From the AP:
"the Obama administration...rejected South Carolina Gov. Mark Sanford's (R) request to use his state's $700 million in stimulus money to retire debt. "White House Budget Director Peter Orszag said in a letter to the Republican ... that the federal stimulus law doesn't allow President Barack Obama to make an exception for that cash. Sanford sought a waiver last week, asking to pay off debt rather than use the money to create jobs and avoid deep program cuts."
TW: Much has been discussed on certain Republicans wanting to adopt Hooverite economic policies calling for greater savings amidst the largest demand contraction in decades. To repeat we are all caught up in the Paradox of Thrift by which individually it makes sense to squirrel away our nuts but in doing so we create a cycle of more demand destruction and associated asset depreciation. But there is another angle to an effort such as Sanford's, crass selfishness in pursuit of another economic concept: free-rider effect.
Some have expressed concern about our stimulus program "leaking" to other countries benefit. If the stimulus money goes to buy Chinese steel or German machine parts then we are stimulating Chinese and German instead of the presumed American target. This is a legitimate concern and why you hear about the need for "global stimulus" so that all countries are participating in the process.
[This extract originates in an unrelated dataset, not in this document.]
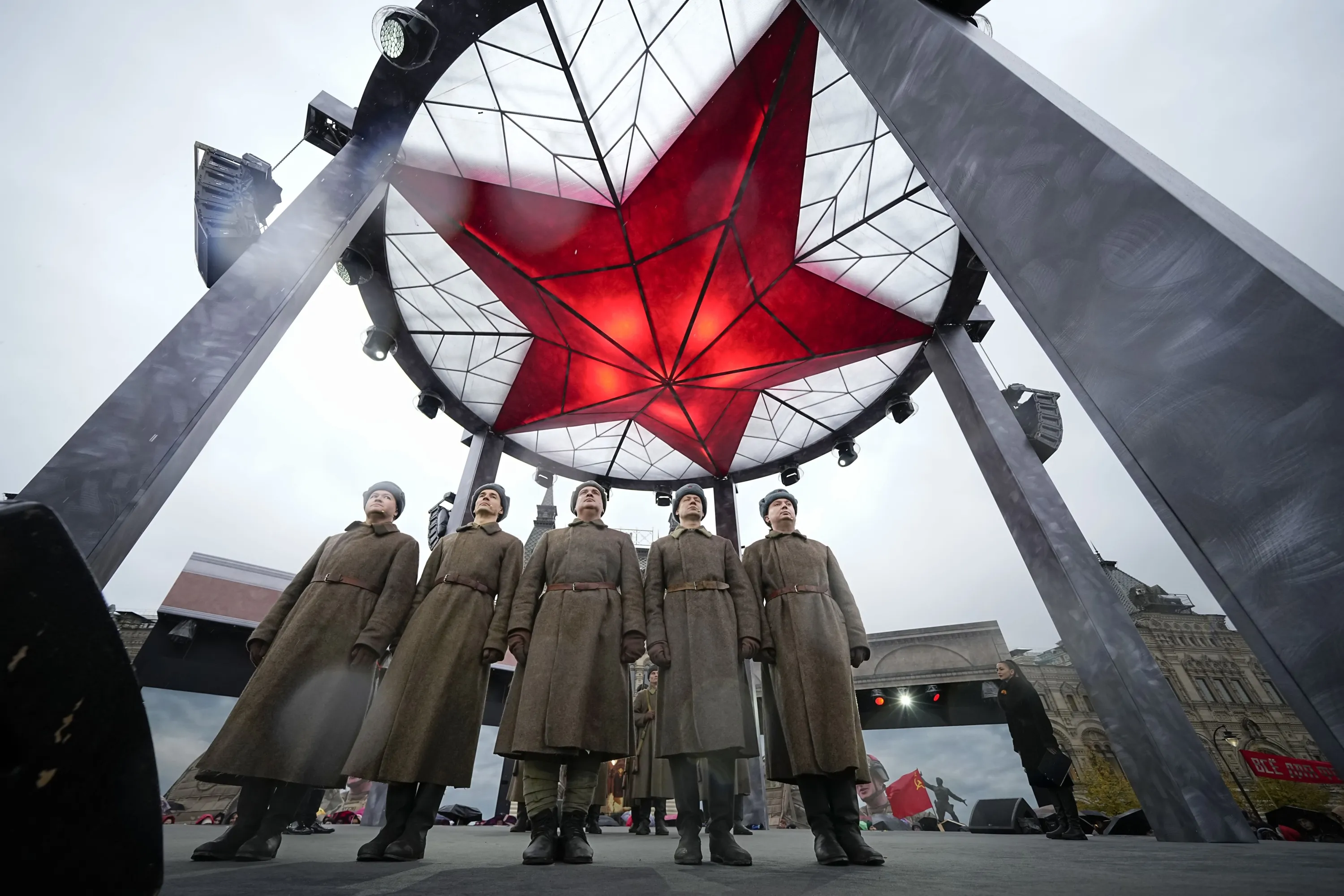Participants dressed in Red Army World War II uniforms take part in a theatrical performance at an open air interactive museum to commemorate the 82nd anniversary of the World War II-era parade, at Red Square, in Moscow, Russia, on Monday, November 6, 2023. The theatrical performance marks the 82nd anniversary of a World War II historic parade in Red Square and honored the participants in the Nov. 7, 1941 parade who headed directly to the front lines to defend Moscow from the Nazi forces. (Photo by Alexander Zemlianichenko/AP Photo)
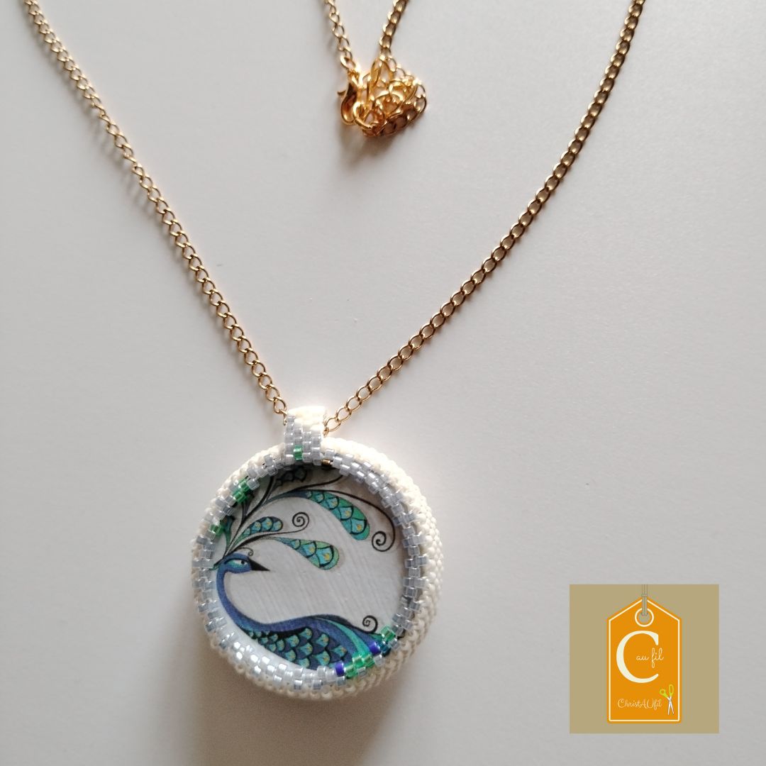 Bouton ref 11176 nacre blanche avec au centre un autre bouton, bleu avec motif style art deco. Diamètre 3,8 cm serti de perles japonaises blanches. A l’arrière, les perles sont bleues très clair avec quelques touches de bleu plus profond. Le verso est agrémenté d’un joli papier représentant un paon, avec vernis de protection. Pendentif entièrement fait main fourni avec une chaine de longueur totale 52 cm + fermeture et extension chainette dorée lg 5 cm.

The same concept can apply within the U.S., if a state like South Carolina could opt out of the program by using the money to retire debt (thereby offsetting indirectly their contribution to the stimulus program via federal taxes) they could enjoy the demand (e.g. by exporting goods or services to the other states) created by the other 49 states without incurring the costs. They would in effect become a free-rider. Nice try Mr. Sanford.